We will never agree. You are right.

ChilledBee · 01/10/2019 17:29

@JassyRadlett

You make a good argument in theory but the reality is that most people with measles stay at home, most people with a cold do not. These vulnerable children you speak of are not protected from death by herd immunisation of any of these diseases like measles because more die of common viruses like colds and the flu. If herd immunity against measles could ensure no student with HIV or another immune condition would catch anything that could make them unwell, I could get behind your point a bit more but it won't. Even when we had excellent herd immunity,those children still came to school, caught a virus and it spreads to their heart and they die 2 days later.

woodchuck99 · 01/10/2019 17:35

I think what you're forgetting is that people wouldn't stand for it

People have to stand for it if the court orders them to do something and they have to abide by laws whether they agree with them or not. Regarding vaccinations they wouldn't change the law to state that children have been vaccinated but they can prevent them from attending state schools.

You still didn't answr my question, if parents have no rights

I didn't say they had no rights. I said that at the moment the court can overrule them if they think it necessary. Parents don't have total control of their childrens bodies in the way that they do their own and I think if anything their "rights" should be further removed.

Yousicktwistedfruit · 01/10/2019 17:35

I agree with the idea my mum is immunocompromised she can’t get so much as chicken pox it would put her in hospital.
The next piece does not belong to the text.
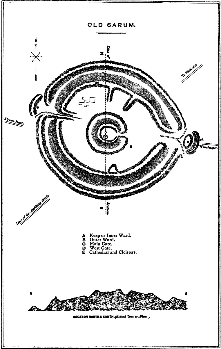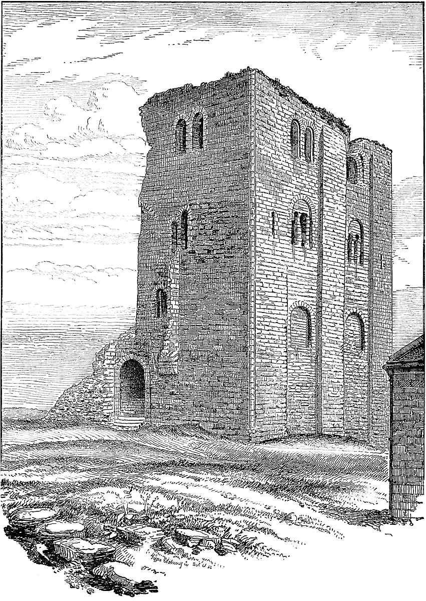 To the Roman period is to be referred the burial-ground laid open near the edge of the cliff in 1797, and the bath discovered on the brook west of St. Mary’s Church. No mention is made of a Roman fortress, nor was it in accordance with the practice of that people to place a permanent camp, still less a military station, upon a height so inaccessible as the Castle Hill. The existing earthworks show no traces of Roman outline, nor, when they had possession of the whole district, was there any need to fortify the lighthouse. The lighthouse alone, of the works upon the hill, can with certainty be pronounced to be Roman, but this, of course, implies the existence and employment of the port. All that the topographer can affirm is that the earthworks do not now present, and, so far as description may be relied on, do not appear ever to have presented, anything of a Roman character.
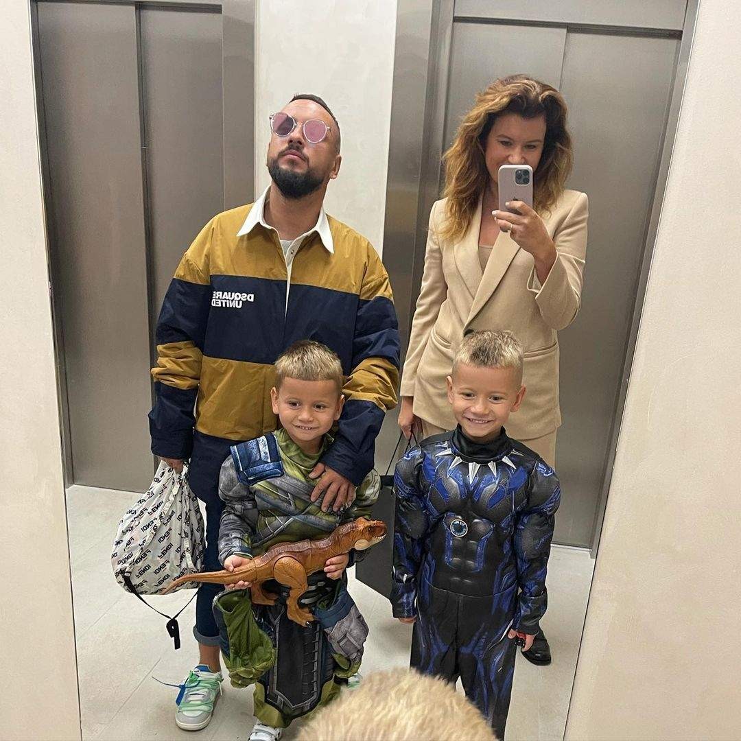 Дружина мультиартиста зробила селфі в ліфті. Ірина, Дмитро та їхні сини – Платон і Данило постали перед камерою. Зіркова матуся одягнула елегантний костюм бежевого кольору, а чоловік позував поруч із нею в синьо-коричневій смугастій куртці та джинсах.

Everyone needs to stop putting not only their children at risk but people around them at risk too. I seen this on Facebook and I think a lot of people need to read it and think about how they are going to explain their stupid decision to their children.

Or are compulsory vaccines the best political policy the Tories have ever come up with?
ChilledBee · 01/10/2019 17:38

People would vote out any party that wants to make decisions about what their child (or them) should be exposed to and when.